* **DATASET RECORDS**
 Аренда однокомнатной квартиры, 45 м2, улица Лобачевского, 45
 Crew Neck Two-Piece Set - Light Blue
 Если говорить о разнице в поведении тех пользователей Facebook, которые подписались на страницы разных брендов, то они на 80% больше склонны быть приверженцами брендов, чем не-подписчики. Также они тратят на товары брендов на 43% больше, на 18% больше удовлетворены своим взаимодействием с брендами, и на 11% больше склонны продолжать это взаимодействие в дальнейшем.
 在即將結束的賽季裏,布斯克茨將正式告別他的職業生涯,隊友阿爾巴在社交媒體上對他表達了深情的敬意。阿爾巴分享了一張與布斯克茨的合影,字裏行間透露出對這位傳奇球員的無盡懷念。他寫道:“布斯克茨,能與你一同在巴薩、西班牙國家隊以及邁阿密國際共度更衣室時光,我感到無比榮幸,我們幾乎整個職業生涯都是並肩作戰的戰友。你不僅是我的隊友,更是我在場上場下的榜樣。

...

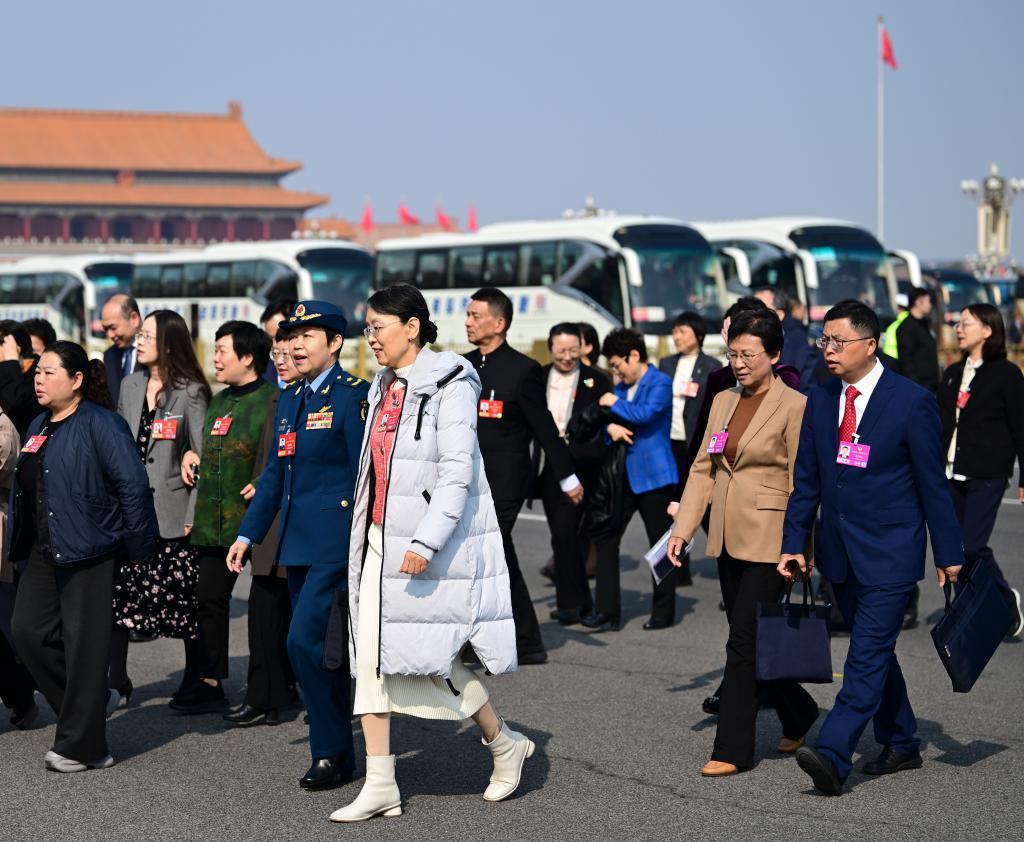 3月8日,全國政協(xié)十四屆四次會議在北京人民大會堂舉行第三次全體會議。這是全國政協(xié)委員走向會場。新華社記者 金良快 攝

...

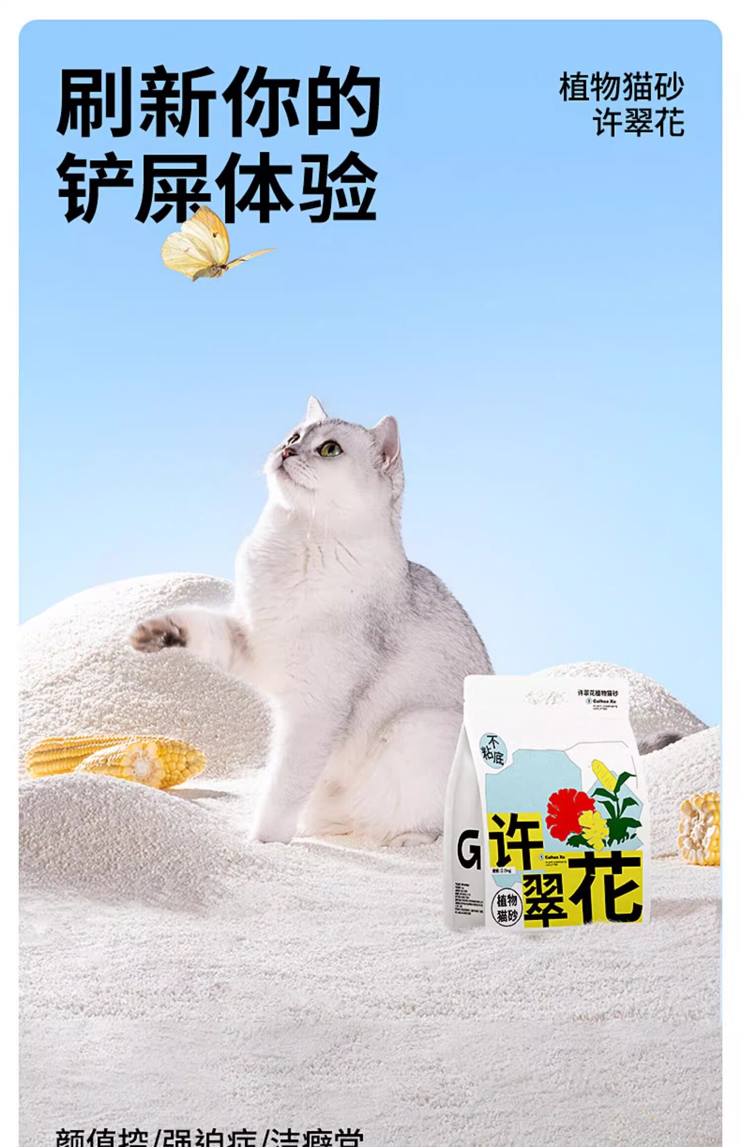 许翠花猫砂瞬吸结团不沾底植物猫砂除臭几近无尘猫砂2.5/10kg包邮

* **EXERCISE GOAL**
Copy out precisely the lines from the line with "Аренда однокомнатной квартиры, 45" to the line with "在即將結束的賽季裏,布斯克茨" in the material above, including those two lines and omitting all the rest.

* **RESULT FOR THIS EXERCISE**
 Аренда однокомнатной квартиры, 45 м2, улица Лобачевского, 45
 Crew Neck Two-Piece Set - Light Blue
 Если говорить о разнице в поведении тех пользователей Facebook, которые подписались на страницы разных брендов, то они на 80% больше склонны быть приверженцами брендов, чем не-подписчики. Также они тратят на товары брендов на 43% больше, на 18% больше удовлетворены своим взаимодействием с брендами, и на 11% больше склонны продолжать это взаимодействие в дальнейшем.
 在即將結束的賽季裏,布斯克茨將正式告別他的職業生涯,隊友阿爾巴在社交媒體上對他表達了深情的敬意。阿爾巴分享了一張與布斯克茨的合影,字裏行間透露出對這位傳奇球員的無盡懷念。他寫道:“布斯克茨,能與你一同在巴薩、西班牙國家隊以及邁阿密國際共度更衣室時光,我感到無比榮幸,我們幾乎整個職業生涯都是並肩作戰的戰友。你不僅是我的隊友,更是我在場上場下的榜樣。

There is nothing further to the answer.